Reactivation of Zeta-Globin by deletion of BCL11A and LRF in HUDEP cells (ChIP-seq). Reactivation of Zeta-Globin by deletion of BCL11A and LRF in HUDEP cells (ChIP-seq)

The alpha and beta-globin loci harbour genes that are expressed during development and silenced throughout post-natal life. Learning to reactivate these genes may offer new therapeutic approaches for the hemoglobinopathies, the most common single gene disorders. Here, we address the mechanisms underlying the regulation of the gene encoding zeta-globin, the embryonically expressed alpha-like globin. Overall design: CRISPR/Cas9 editing was carried out to generate homozygous clones where LRF, BCL11A and BCL11A/LRF were homozygously deleted. Effects of edited variants were determined by ChIP-seq of chromatin marks in technical replicates. Experiments were carried out at Day 10 of differentiation on unsorted cells.
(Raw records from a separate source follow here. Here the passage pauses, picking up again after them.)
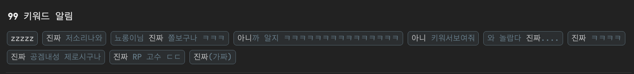얼마전 뜨거운 순간 기능을 업데이트하면서, DB도 추가하고 채팅 처리 파이프라인을 따로 빼면서 평소 해보고 싶었던 기능을 추가해보기로 했다. 그건 바로 키워드 알림! 예를 들어서 내가 스트리머가 "발헤임"이라는 게임을 정말 해주길 기다리고있는데, 채팅에서 "발헤임"이라는 키워드가 나왔을 경우 정말 그것과 관련한 이야기를 하고 있을 확률이 높다. 이렇게 내가 방송을 보지 못하는 순간에도 관련된 키워드가 언급되었는지 확인 하기위한 용도로 <키워드 알림>은 유용하게 쓰일 수 있다.
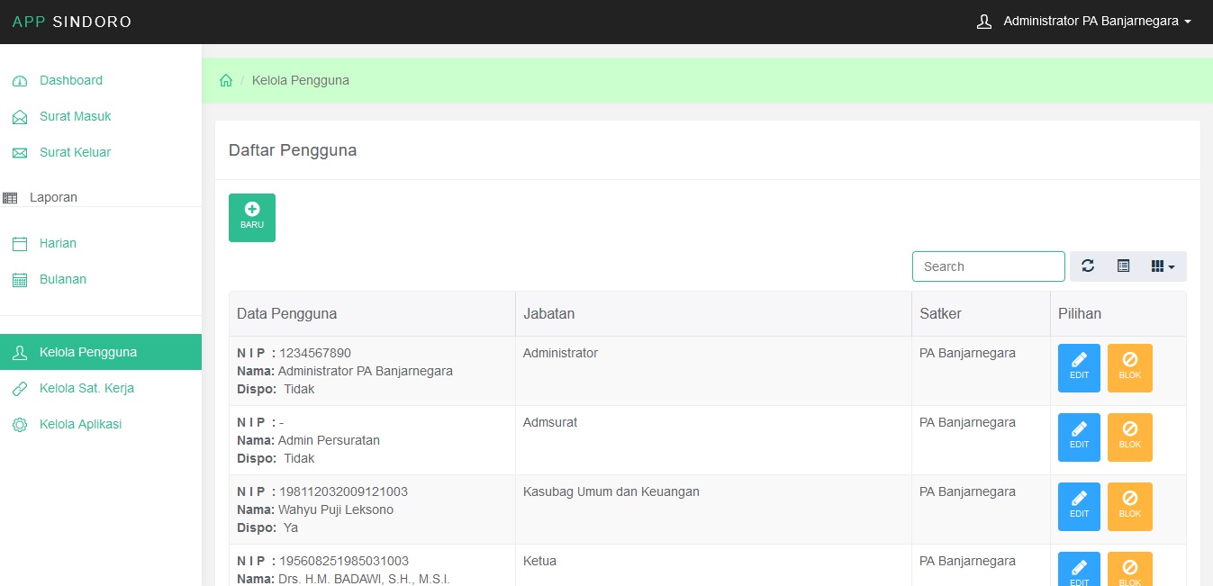 Menu ini hanya berlaku untuk pengguna administrator & digunakan untuk penambahan/pengubahan akses pengguna sesuai jabatan/fungsi masing-masing.
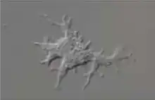In particular, D. jomungandri exhibits long, tapering thin ramose pseudopodia from all sides of the main cell body when attached to the surface of a culture flask. In this state, its length ranges from 33 to 87 μm long, with a mean length of 57.6 μm, and its width ranges from 3 to 12 μm, with a mean cell body width of 6.2 μm. Its pseudopodia are composed of hyaloplasm while the main body of the cell is made of granuloplasm. It does not form uroids, traces left by some amoebae during locomotion. No cysts have been observed from this species. Upon starvation, it will shrivel up and detach from the surface, and can remain suspended in the water column or float to the water surface.[1]
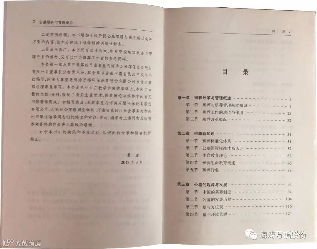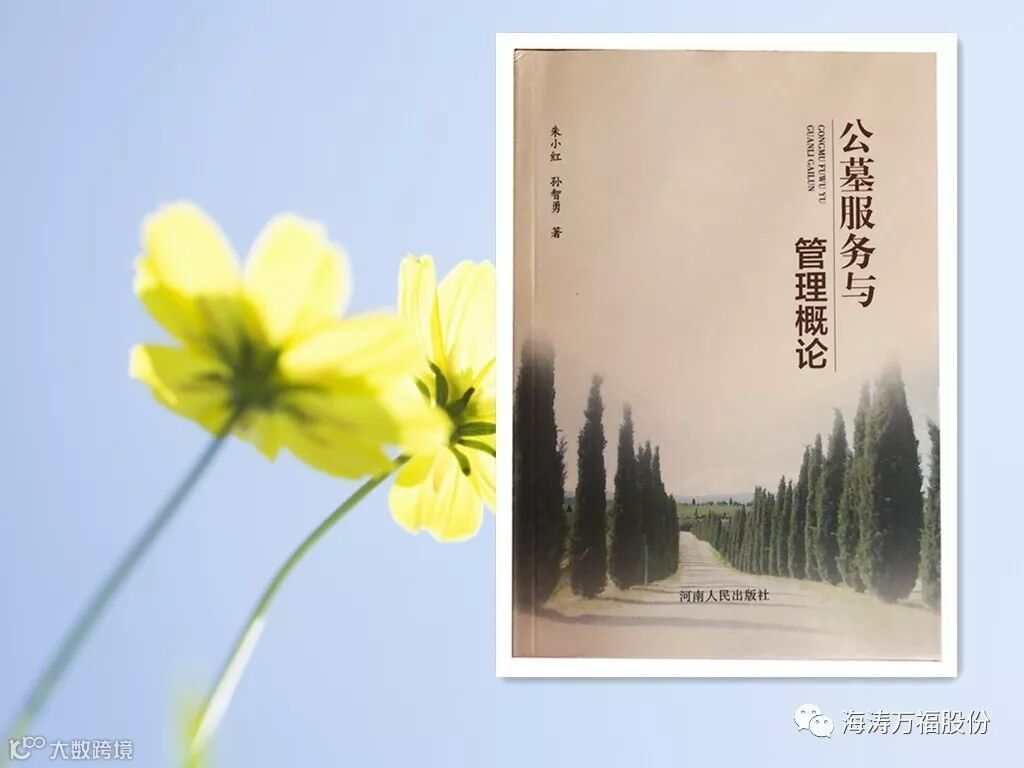 由秦皇岛海涛万福环保设备股份有限公司董事长兼总经理孙智勇、河南省民政学校朱小红共同编著的《公墓服务与管理概论》,经北京社会管理职业学院、河南省民政厅社会事务处和郑州市殡仪馆等同志们的修改和审订,于2017年3月由河南人民出版社出版发行。
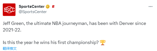 2021年,格林和掘金达成2年1000万美元合同,今年他随队杀进总决赛,掘金是格林职业生涯效力的第11支球队。
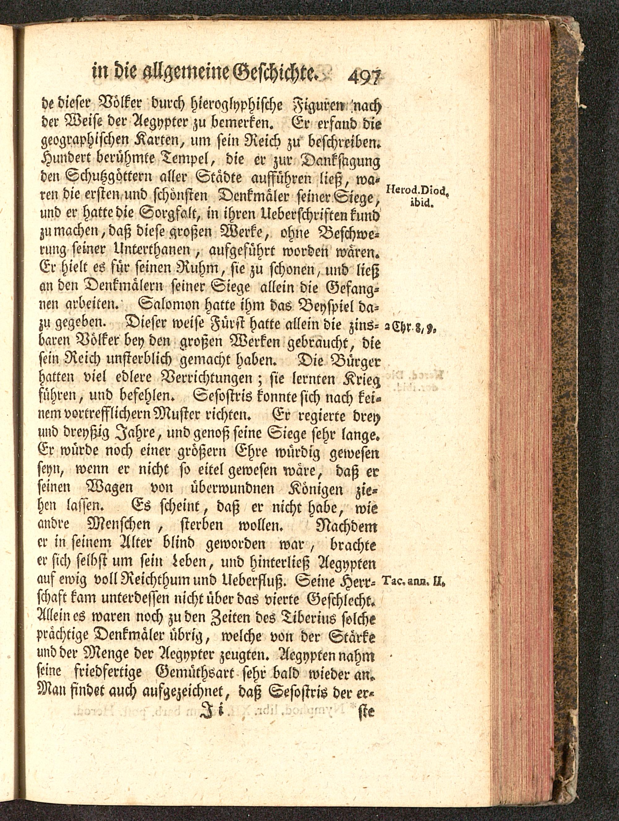 de dieser Völker durch hieroglyphische Figuren'nachder Weise der Aegypter zu bemerken. Er erfand diegeographischen Karten, um sein Reich zu beschreiben»Hundert berühmte Tempel, die er zur Danksagungden Schutzgöttern aller Städte aufführen ließ, wa-^ ^^.ren die ersten und schönsten Denkmaler seiner Siege, ^b^'und er hatte die Sorgfalt, in ihren Überschriften kundzumachen,daß diese großen Werke, ohne Beschwe-rung semer Unterthanen, aufgeführt worden wären.Er hielt eö für seinen Ruhm, sie zu schonen, und ließan den Denkmälern seiner Siege allein die Gefang-nen arbeiten. Salomon hatte ihm das Beyspiel da- ,,zu gegeben. Dieser weise Fürst hatte allein die zins- -Chr z,?baren Völker bey den großen Werken gebraucht, diesein Reich unsterblich gemacht haben. Die Bürgerhatten viel edlere Verrichtungen; sie lernten Kriegführen, und befehlen. Sesostris konnte sich nach kei-nem vortrefflichern Muster richten. Er regierte dreyund dreyßig Jahre, und genoß seine Siege sehr lange.Er würde noch einer größern Ehre würdig gewesenseyn, wenn er nicht so eitel gewesen wäre, daß erseinen Wagen von überwundnen Königen zie-hen lassen. Es scheint, daß er nicht habe, wieandre Menschen, sterben wollen. Nachdemer in seinem Alter blind geworden war , brachteer sich selbst um sein Leben, und hinterließ Aegypten auf ewig voll Reichthum und Ueberfluß. Seine Herr- i'ac.smi.schaft kam unterdessen nicht über das vierte Geschlecht.Allein es waren noch zu den Zeiten des Tiberius solcheprächtige Denkmäler übrig, welche von der Stärkeund der Menge der Aegypter zeugten. Aegypten nahm -seine friedfertige Gemüthsart sehr bald wieder an.Man findet auch aufgezeichnet, daß Sesostris der er-

α-珠蛋白基因座与β-珠蛋白基因座携带着在发育阶段表达、而在整个产后生命周期中被沉默的基因。重新激活此类基因的相关研究，可为血红蛋白病（hemoglobinopathies）——最为常见的单基因遗传病——提供全新的治疗策略。本研究旨在解析编码ζ-珠蛋白（zeta-globin）的基因的调控机制，该基因属于胚胎阶段表达的类α珠蛋白家族成员。 整体实验设计：采用CRISPR/Cas9基因编辑技术构建纯合克隆，分别实现LRF、BCL11A的纯合缺失，以及BCL11A与LRF的联合纯合缺失。通过对染色质修饰标记进行染色质免疫共沉淀测序（ChIP-seq）并设置技术重复，以此评估编辑后的变异株的调控效应。所有实验均在未分选的细胞中，于细胞分化第10天开展。